Yesterday's leak gave us several insights into Nvidia's upcoming GeForce RTX 50 series laptop graphics cards. To begin with, both the GeForce RTX 5090 and RTX 5080 are expected to feature 16 GB of GDDR7 VRAM. Hence, it appears that the only distinction between the two models will lie in their CUDA cores. Recently, Moore's Law is Dead has disclosed additional details about Nvidia's near-final Blackwell laptop GPU.
CUDA Cores and Performance
The GeForce RTX 5080 is set to come equipped with 7,680 CUDA cores, which is a slight increase compared to the 7,424 CUDA cores in the GeForce RTX 4080 laptop version. According to Tom, the Blackwell GPU could potentially provide a performance boost of 40-60% over the GeForce RTX 4080. However, considering the modest rise in CUDA core numbers and a tiny shift in manufacturing from TSMC 4N to TSMC 4NP, this projection might be overly optimistic.

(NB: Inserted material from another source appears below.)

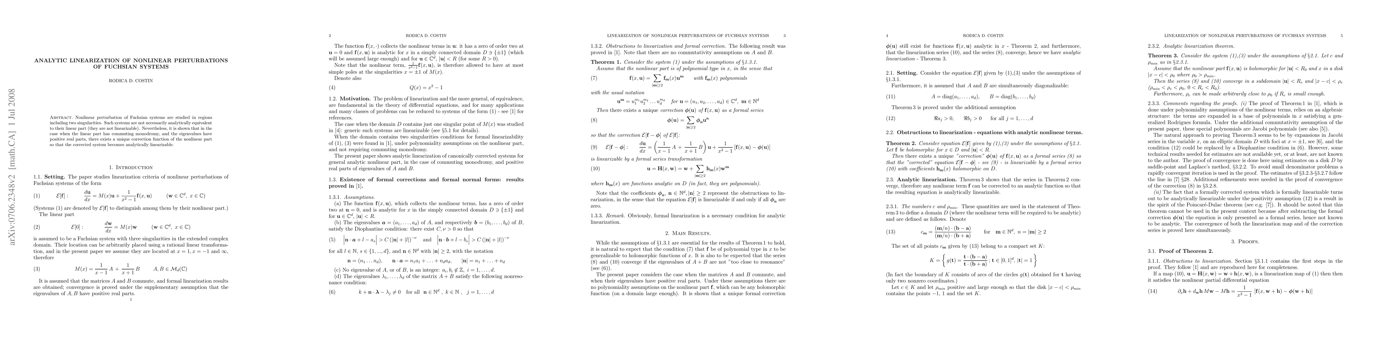 This paper investigates nonlinear perturbations of Fuchsian systems with two singularities, demonstrating that under specific conditions—commuting monodromy of the linear part and positive real parts for eigenvalues—there exists a unique correction function that analytically linearizes the perturbed system.

Thermal Constraints and TGP
Moreover, the GeForce RTX 5080 will debut with a maximum TGP of 175 Watts, which is identical to its predecessor. This figure is unlikely to change in the near future due to thermal limitations. While the architectural enhancements introduced by Blackwell and the GDDR7 memory should lead to a noticeable performance increase, it may not reach the levels suggested earlier.
Conflicting Information
Interestingly, this new information contradicts Tom's previous leak, which indicated that the GeForce RTX 5080 laptop version would feature 8,192 CUDA cores. That might be reasonable for a Ti-branded model, but there’s currently no proof of an RTX 5080 Ti existing. It also can’t be the GeForce RTX 5090, as the CUDA core difference is too small. Perhaps it refers to the full, unaltered die that Nvidia intends to downsize for stable performance.